Филипп Стрелец, совсем такой же, как Славка, нисколько не старше, мальчишка, а командовал отрядом, геройски погиб, и нет такого партизана, который не знал бы Филиппа Стрельца. А Славка еще никто, еще ничего не успел сделать, и Гога не успел, никогда уже не успеет.
– Черт его знает, как у него все это получается. Храбрости он невиданной, идет впереди цепи, входит в деревню первый, никто не смеет вырваться раньше, он за это наказывает. Как? Поперед командира лезешь? Смелей его хочешь быть? Умней его хочешь быть? Впереди должен быть он, ну, и миномет, конечно, с ним. Всегда прет на рожон, и на коне, и пешим никогда от пули не прячется, а пули его не берут. С точки зрения военной науки - глупо же. Но Василий Иванович не только военной, вообще никакой науки не знает. Он самородок и живет по своим законам. Не сидит в лесу из боя в бой, из боя в бой. А пули не берут. Ни разу не ранило, не задело даже. Ординарца убило его, любимцем был Василия Ивановича, как Петька у Чапая. Вот когда он переживал. Первый раз и последний, - не любит он митинговать, - собрал отряд у могилы, стоят все без шапок, ждут, - а похоронили ординарца под каким-то курганом, холм такой зеленый, - ну вот, ждут. Василий Иванович слез с лошади, тоже без шапки, в руках мнет ее, взошел на курган, поглядел на нас, слезы в глазах. Хотел речь сказать. Руку поднял с шапкой смятой, протянул ее к нам навстречу. Орлы, говорит... Все вы, говорит, орлы у меня... И больше ничего не сказал, не мог говорить, что тут говорить. Орлы... Все вы у меня орлы... И спустился с кургана, как пьяный. Сел на лошадь и почти шепотом сказал: "Разойдись".

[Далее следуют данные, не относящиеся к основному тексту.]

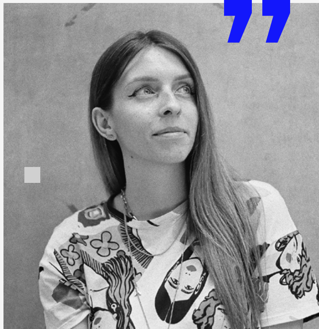
dr IVONA TAU

Artystka nowych mediów z Wilna (Litwa), tworząca na styku sztucznej inteligencji i sztuki. Pracuje z sieciami neuronowymi i kodem w obszarze eksperymentalnej fotografii oraz malarstwa ruchomego (motion painting). Jej celem jest poszukiwanie i wywoływanie emocji przy użyciu narzędzi opartych na sztucznej inteligencji. Tworzy uniwersalne, poruszające wspomnienia, przekształcając własne doświadczenia uchwycone na analogowym i cyfrowym filmie za pomocą generatywnych sieci neuronowych (GAN). Tau działa na styku sztuki i technologii, z 15-letnim doświadczeniem łączącym profesjonalną fotografię i badania nad sztuczną inteligencją.
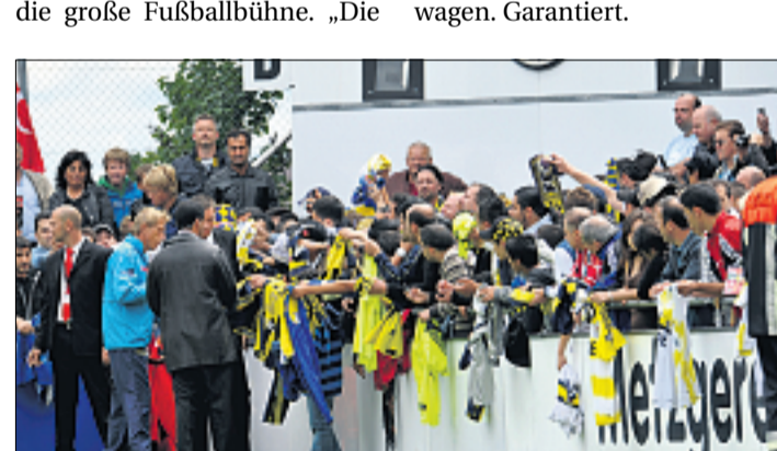
Der TSV Aindling ist das sportliche Aushängeschild nicht nur der Marktgemeinde. Jüngst war Christoph Daum mit dem türkischen Spitzenclub Fenerbahce Istanbul zu Gast.
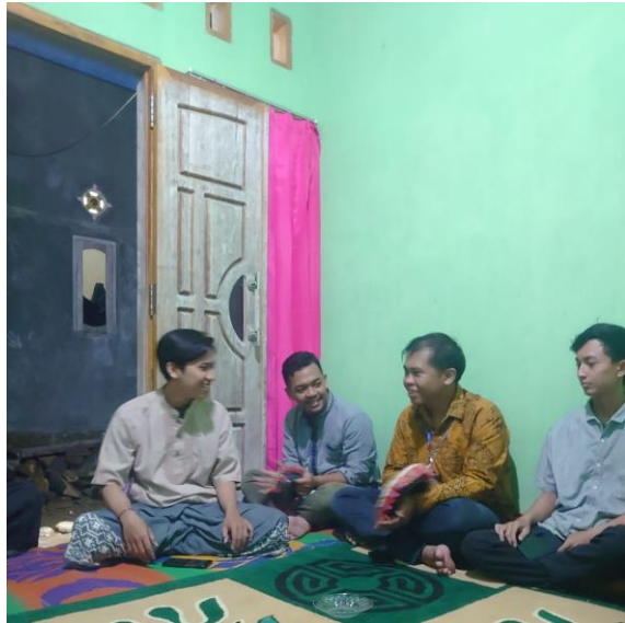
Kegiatan Rebana Dengan Risma Dusun Piabung
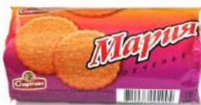
Печенье "Спартак" Мария, 140 г
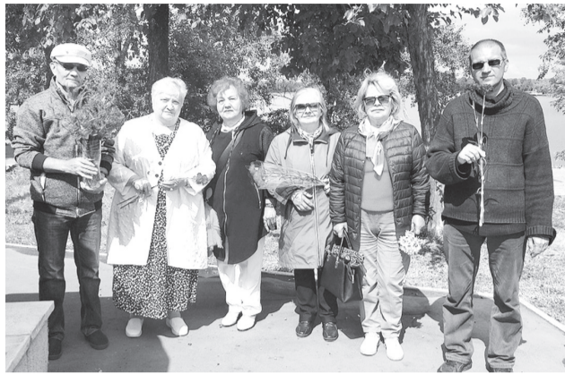
со дня начала Великой Отечественной войны.

В Козловке активисты КПРФ и городского совета ветеранов возложили цветы к памятнику землякам, отдавшим свою жизнь за свободу и независимость социалистической Родины. А в помещении местного отделения КПРФ состоялось заседание дискуссионного политического клуба «Товарищ», посвящённого 82-й годовщине
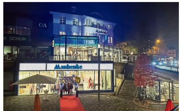
Mit der „Manhenke Night“, einem Shopping-Event für Stammkunden, hat der Jubiläumsverkauf begonnen.

individuellen Schnäppchen machen. Im Modehaus Manhenke und dem Street One Store gibt es stündlich wechselnde, interessante Sternstundenangebote zahlreicher Modemarken. Über die Manhenke Sternstundenangebote kann man sich auf der Website manhenke.de informieren. Natürlich wird auch an diesen Tagen das 100-jährige Jubiläum gefeiert und die Kunden können sich auf den Jubiläumsrabatt von 20 % freuen. Ein weiteres Highlight sind an diesem Wochenende wieder die zahlreichen Foodtrucks direkt am Berndorfer Tor, die die Besucher mit zahlreichen Spezialitäten verwöhnen.
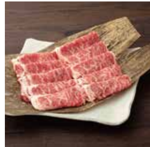
G04 赤城牛 肩ロースすき焼き 400g

– Александр Тимофеевич, но как же вы Чапаем его сделали?
– Не в буквальном смысле этого слова, конечно. Уже в боях побывал я с ним вместе, уже миномет с нами был. Сидим как-то в деревне, в избе, только что взяли эту деревню, немцев выбили, сидим усталые, ждем завтрак, бой-то был на рассвете, я на полу, на соломке сижу, Василий Иванович на лавке, голову ладонью подпер. Чего ты, говорит, смотришь на меня, профессор? А я действительно загляделся на Василия Ивановича, думал о его невиданной храбрости, как он легок в бою, весел и умен, гляжу и вдруг почему-то, видно по ассоциации, Чапаева вспомнил. Вспомнил и даже испугался. Василий Иванович показался мне ну просто двойником Чапаева, так похож. Усов, правда, нет, одет тоже не по-чапаевски. А были мы тогда в рейде, за Десной ходили, и Василий Иванович подзарос порядочно. Так что и усы уже намечались. А смотрю я, Василий Иванович, потому, говорю, на вас, что вы ну просто вылитый Чапаев. Никто вам не говорил этого? Никто, говорит. Так вот вы поверьте мне, я точно вам говорю. Усов только не хватает, вы не сбривайте их, оставьте. Не думал, профессор, над этим делом, но тебе верю. Значит, похож? Как две капли воды, говорю. Усмехнулся Василий Иванович. Ну, что ж, говорит, раз Чапай, значит, Чапай. И шутейно подкрутил несуществующие усы. Через месяц он уже подкручивал кончики пшеничных, настоящих чапаевских усов. Ну как, говорит. Вылитый, говорю, он. Теперь нужно шашку, папаху, ну, бурки, конечно, тут не достать, но и без бурки можно вполне сойти за Чапая. Пошутил я, вполусерьез сказал. Но вот теперь вы, Вячеслав Иванович, сами видели. Теперь и конь под ним чапаевский, и бурка, и другое все чапаевское. И отряд имени Чапаева. Чудеса...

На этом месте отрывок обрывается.